| WHAT YOU SHOULD DO |
For this exercise, reproduce the entries below exactly, but only from the line containing "Black & White" through the line containing "The king of", both included.

[Opening MATERIAL PROVIDED section]

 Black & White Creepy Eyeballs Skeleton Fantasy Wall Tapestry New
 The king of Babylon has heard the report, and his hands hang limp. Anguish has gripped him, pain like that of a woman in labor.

[Closing MATERIAL PROVIDED section]
[Opening MATERIAL PROVIDED section]

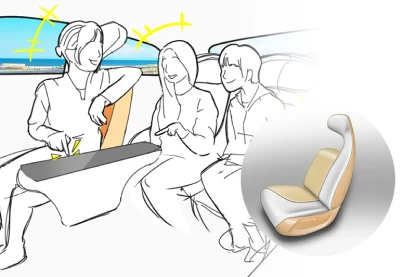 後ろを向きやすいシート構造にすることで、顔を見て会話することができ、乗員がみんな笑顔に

[Closing MATERIAL PROVIDED section]

| SOLUTION FOR THIS EXERCISE |
 Black & White Creepy Eyeballs Skeleton Fantasy Wall Tapestry New
 The king of Babylon has heard the report, and his hands hang limp. Anguish has gripped him, pain like that of a woman in labor.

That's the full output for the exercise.